This drops a SKILL.md into your agent's skills directory telling the agent when and how to use the tool (and that it's safe to run because every change is compiler-verified and rolled back on failure). The agent still needs the binary on PATHcargo install cargo-split-modules — which the skill instructs it to do. Once installed, an agent can run:

cargo split-modules --recursive src     # safe: verified + auto-rollback

Turn this:

src/parser.rs        # 1500 lines: 12 structs, 30 fns, 20 impls

into this:

src/parser.rs        # module index: `mod` decls + `pub use` re-exports
src/parser/
    token.rs         # struct Token + its impls
    lexer.rs         # struct Lexer + its impls
    parse_expr.rs    # fn parse_expr
    ...

…and your crate still compiles and passes its tests, unchanged.
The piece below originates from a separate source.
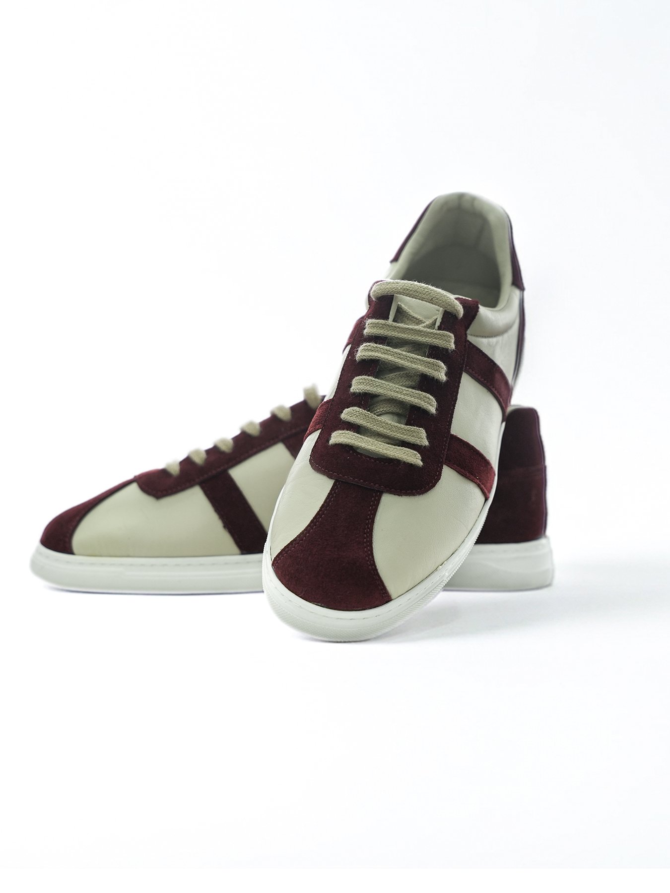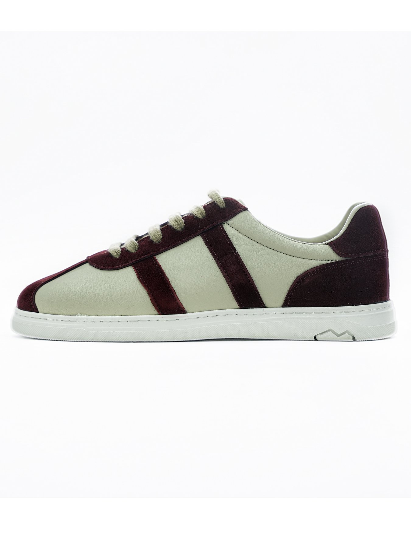 Üretiminde kullanılan birinci sınıf pürüzsüz deri, yumuşak dokusuyla ayağınızı nazikçe sarar. Burun, topuk ve yan şeritlerdeki bordo süet paneller, ayakkabıya zengin bir dokusal kontrast katar. Tasarımın altını çizen beyaz kauçuk taban, hem ürüne ferah bir görünüm kazandırır hem de sportif bir duruş sergiler. Kalın ve dokulu bağcıklar, gövde rengiyle uyum sağlayarak bütünlüğü korur.

Why one item per file (especially for AI-generated code)

Large, monolithic files are a tax on humans and an outright hazard for AI coding agents. Atomicity and modular structure stop being style preferences and start being a correctness and throughput concern. One item per file gives you:

  • Parallel edits without merge conflicts. When several agents (or several teammates) work a codebase at once, two changes to two functions that live in the same 1,500-line file collide; the same two changes to two separate files don't. Small files turn "serialize everything through one hot file" into "edit independently, merge cleanly." For fleets of agents working concurrently, this is the difference between scaling out and constantly stepping on each other.

  • Atomic, low-blast-radius replacements. An agent rewriting a whole file has to reproduce everything it isn't changing — and any slip corrupts unrelated code. When a function owns its own file, "replace this function" is "replace this file": the unit of change matches the unit of meaning, so a full-file rewrite touches exactly one item and nothing else. Smaller files also mean smaller diffs and smaller, cheaper context windows per edit.

  • The filesystem is the search index. src/parser/parse_expr.rs tells you where parse_expr lives without parsing a single token. Listing files is a free, always-current symbol index — no AST tooling, no language server, no ctags, no semantic database to build or keep in sync. find, ls, and a fuzzy file-opener get you to any definition directly, and an agent can locate code with a cheap directory read instead of an expensive whole-file scan.

  • Searchability and locality. Grepping a name surfaces its definition file by path, not buried at line 1,142 of a grab-bag module. Reading one item means opening one short file instead of loading a giant one and scrolling to the relevant region — less noise for a reviewer and far less irrelevant context for a model.

The catch has always been that splitting files by hand is tedious and error-prone — exactly the kind of mechanical refactor that breaks imports and visibility. This tool does it mechanically and proves it didn't break anything (see Why it's safe), so you get the structure without the risk.

Why it's safe

Most "move code around" tools risk breaking your build. This one is built so it cannot leave your project in a broken state:

  1. The public API is preserved by construction. Each item moves into a child file, and the parent module re-exports it at its original visibility (pub use child::Foo;, pub(crate) use …, private use …). Every path anywhere in your project that referenced crate::parser::Token still resolves — no call sites are rewritten.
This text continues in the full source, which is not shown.